For my environmental impact assessment course, we had to review the PNW LNG project and it’s recent approval for our midterm. There were two questions we had to answer and could spend 400-600 words on each. Below is my submission:

QUESTION 1: Does the federal environmental assessment of the PNW LNG facility demonstrate acceptable levels of public participation? Make an argument in response to this, supporting it with examples of participation (or lack thereof) in one or several of the steps of the overall assessment process for the project. Connect these with the topics we have covered in class on the principles and critiques of public participation (potentially including Aboriginal engagement, though not necessarily).

The Pacific Northwest Liquefied Natural Gas project, in my opinion, has shown acceptable levels of public participation, including Aboriginal consultation and public participation. However, this does not necessarily mean meaningful participation. The proponent made tremendous efforts to show public participation which has included open houses, commentary, funding, and ongoing participation through their website. On the other hand, this project has failed to gain “consent, and not simply consultation, [that] is required where Aboriginal title is proved” (Hanna, 161). The project boundaries, specifically Lelu Island, is within five overlapping Aboriginal land rights and titles. These five nations have not all granted their consent to the project even though they have been consulted, and therefore they have not meaningfully participated in this project (Canadian Environmental Assessment Agency, 148).
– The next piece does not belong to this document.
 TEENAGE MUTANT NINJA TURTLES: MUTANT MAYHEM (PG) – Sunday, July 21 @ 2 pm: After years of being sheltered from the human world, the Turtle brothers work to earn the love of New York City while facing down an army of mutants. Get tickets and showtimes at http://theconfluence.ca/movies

Across Canada, First Nations “right to use and control the land and enjoy its benefits” (Hanna, 162) has not been fully respected, and this is just one more example.
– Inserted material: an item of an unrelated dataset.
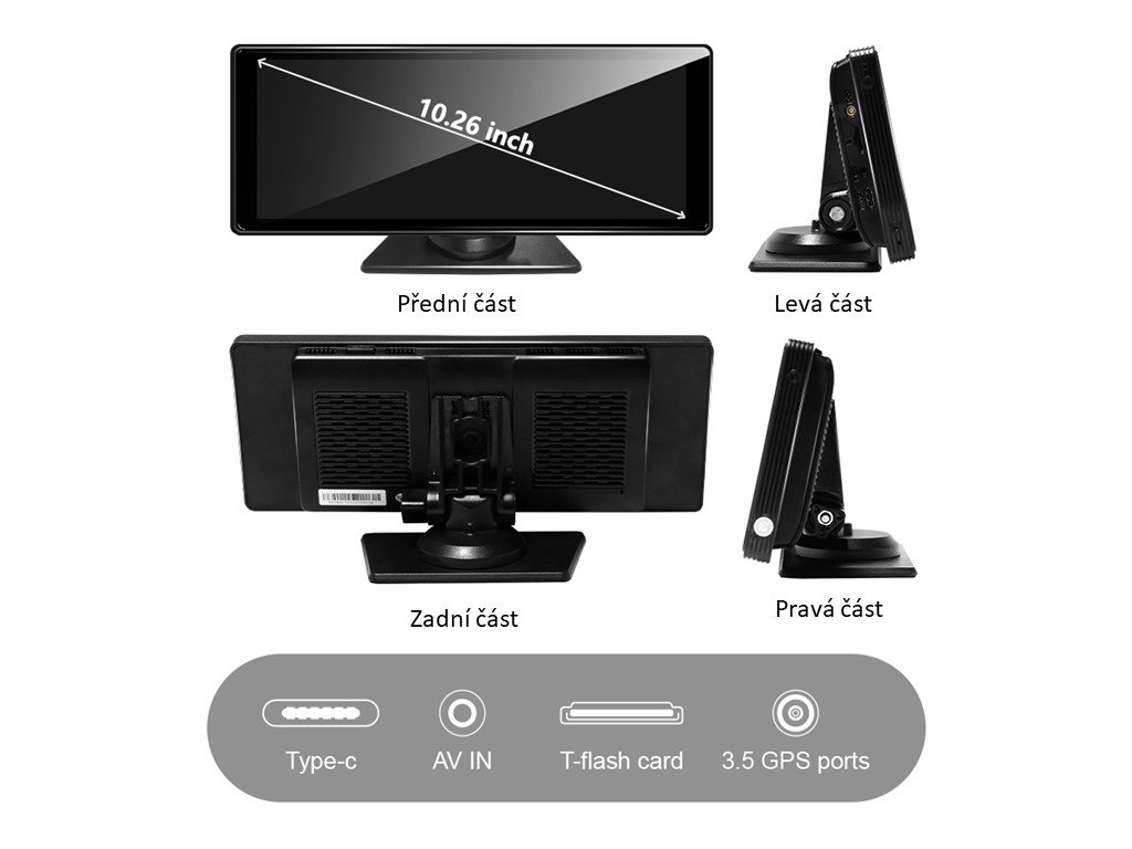 Monitor s OS Android a dotykovou 10,26" obrazovkou (Plug and Play, vhodné pro všechna auta) je dodávána se silným stojanem s přísavkou, se stojánkem pro pevnou montáž na palubní desku atd. Nemusíte rozebírat palubní desku vozu.

Public participation was encouraged through more than $360 000 of funding to First Nations and an additional $94 200 to the public and interested groups (Canadian Environmental Assessment Agency 21, 24). I believe that this amount of funding is very encouraging for public participation, and the proponent and agency did a good job funding for participation across the board.
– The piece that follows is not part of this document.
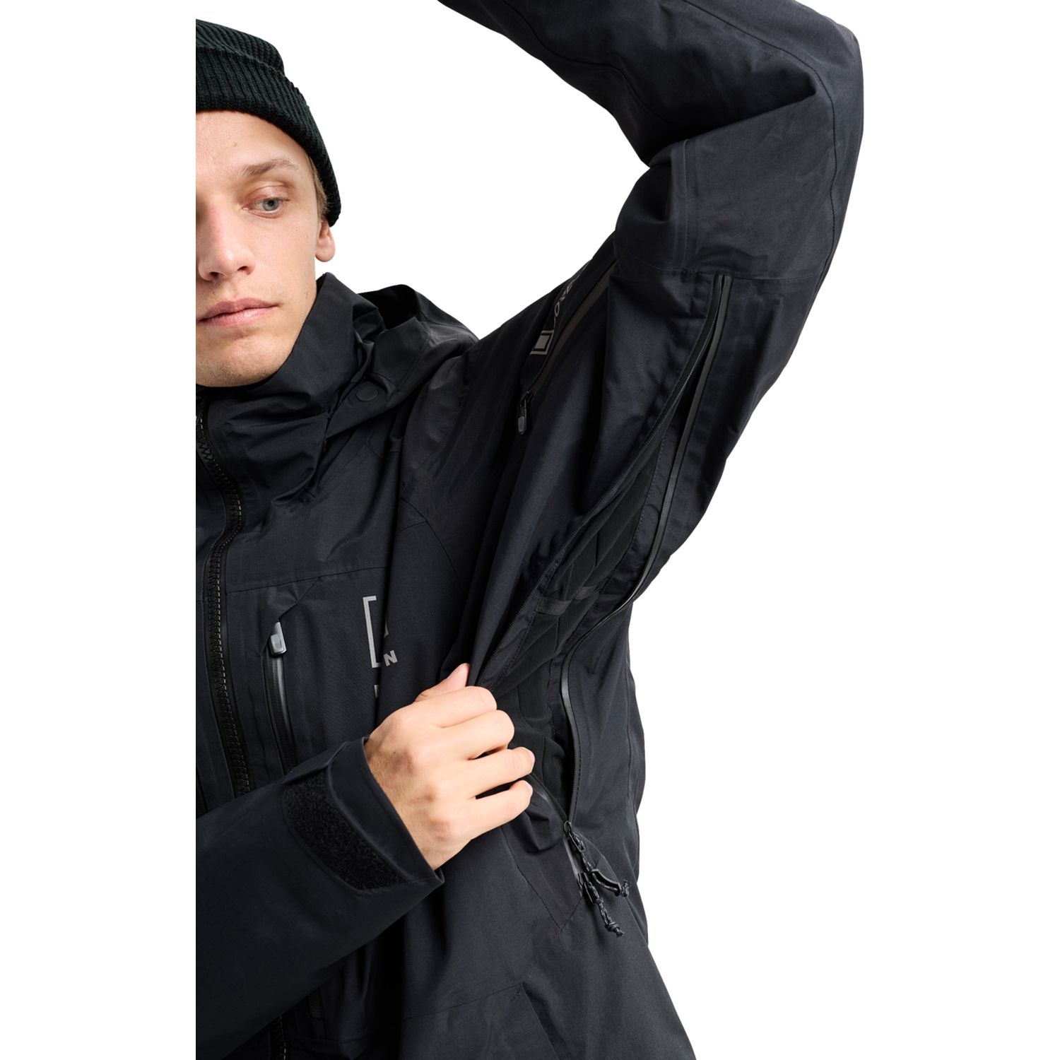 2-Layer GORE-TEX, low-profile Prmaloft® insulation, pit zips, and a regular fit with an articulated cut.

The agency, and especially the proponent, held an acceptable amount of public hearings and meetings with interested parties regarding their views on the project. Following a design change, the project notified the public, First Nations, and agency, and held additional hearings for feedback on the changes. In total, the proponent held 12 months of Aboriginal consultation periods between February 2013 and March 2016 that reviewed the project description, EIS guidelines, the EIS and draft EA report (Canadian Environmental Assessment Agency, 22). To further First Nations participation there was the opportunity for the two most affected groups to participate in the archaeological surveys and geotechnical investigation programs on Lelu Island. Further surveys and studies incorporated the five affected First Nations directly through participation on Lelu Island as well as in reviewing the findings (Canadian Environmental Assessment Agency, 23).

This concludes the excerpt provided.